The Konstanz Information Miner Analytics Platform (KNIME Analytics Platform)^[4]^[13] is a royalty-free engine that allows users to build and execute workflows using a powerful and user-friendly interface. The KNIME Analytics Platform comes preloaded with several ready-to-use tasks (called KNIME nodes) that serve as the building stones of a workflow. It is also possible to extend the KNIME Analytics Platform by either downloading community nodes or building custom nodes using a well-documented process.^[14]^[15] Workflows executed on the KNIME Analytics Platform are limited to run on the same personal computer on which it has been installed, thus rendering it unsuitable for tasks with high-memory or high-performance requirements. KNIME is offered in two variants able to execute workflows on distributed HPC resources: KNIME Cluster Execution^[16], and KNIME Server.^[17] These two suites are, however, royalty-based — an aspect that might shy away users of the scientific community.
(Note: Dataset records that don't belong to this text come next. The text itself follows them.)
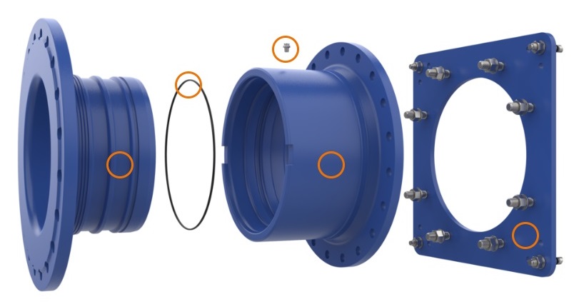 - Available in nominal sizes from DN 150 to DN 500 with flanges according to DIN, ANSI and AS4087
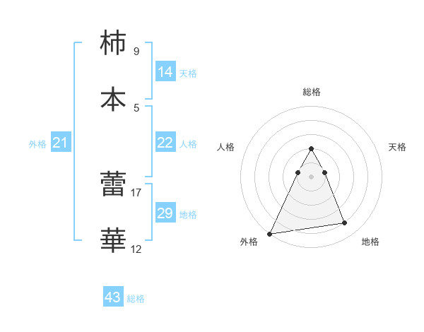 柿本 蕾華さんを姓名の画数から五運を鑑定
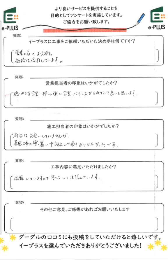 この度はアンケートにご協力いただき、誠にありがとうございます。 また、今回の工事だけでなく、以前より何度も弊社へ工事のご依頼をいただき、心より感謝申し上げます。 営業担当の対応や価格について「信頼している」とのお言葉をいただき、大変嬉しく思っております。
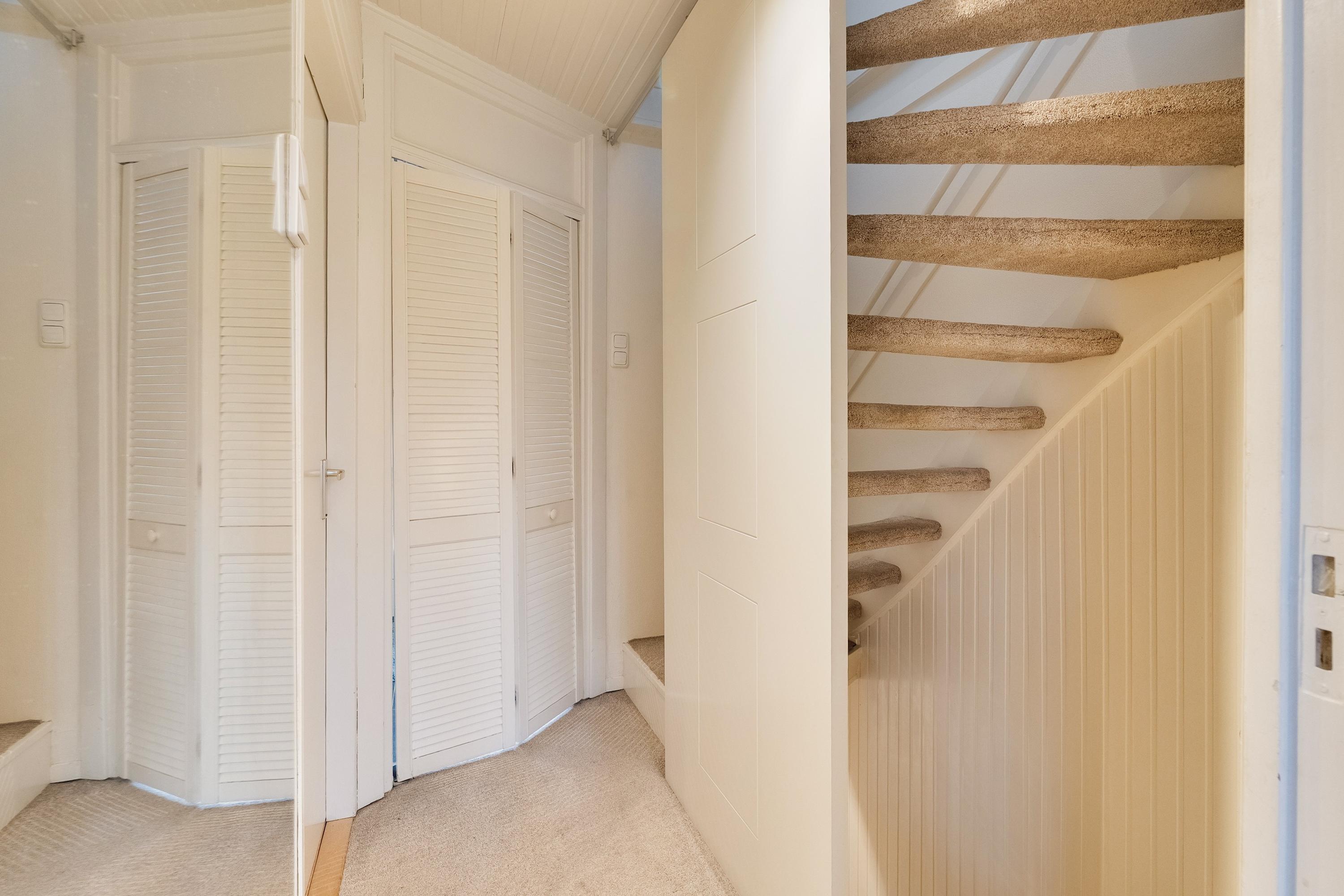 Terug in de hal komen we op de eerste verdieping met 2 slaapkamers en de badkamer. De slaapkamers zijn respectievelijk 18 en 8 m2 waarvan de grootste aan de achterzijde is voorzien van Airco en heerlijk veel ramen, zodat het een lekkere lichte ruimte is. De kamer aan de voorzijde is nu hobbykamer, maar is een uitstekende slaapkamer. Mocht je willen zou je de originele situatie weer kunnen herstellen en dan kan je de achterkamer weer verdelen in 2 slaapkamers.

The grid and cloud User Support Environment (gUSE) offers an open-source, free, web-based workflow platform able to tap into distributed HPC infrastructures.^[5] gUSE entails a set of components and services that offers access to distributed computing interfaces (DCI). The Web Services Parallel Grid Runtime and Developer Environment Portal (WS-PGRADE) component acts as the graphical user interface. This web-based portal is a series of dynamically generated web pages, through which users can create, execute, and monitor workflows. WS-PGRADE communicates with internal gUSE services (e.g., Workflow Interpreter, Workflow Storage, Information Service) using the Web Services Description Language (WSDL).^[18] Passing documents in the WSDL format between its components allows gUSE services to interact with other workflow systems. Figure 1 shows the three-tiered architecture of gUSE. This complex and granular architecture of gUSE enables administrators to distribute the installation of gUSE across resources. A typical set-up is to install WS-PGRADE on a dedicated web server, while installing other services and components on more powerful computers.

Figure 1. The three-thiered gUSE’s architecture. The three tiers of gUSE’s architecture: WS-PGRADE acts as the user interface, the service layer handles e.g., file, workflow storage. The Job Submission and Data Management layer contains the DCI Bridge, which is responsible to access DCIs. Figure based on Gottdank's "gUSE in a Nutshell".^[19]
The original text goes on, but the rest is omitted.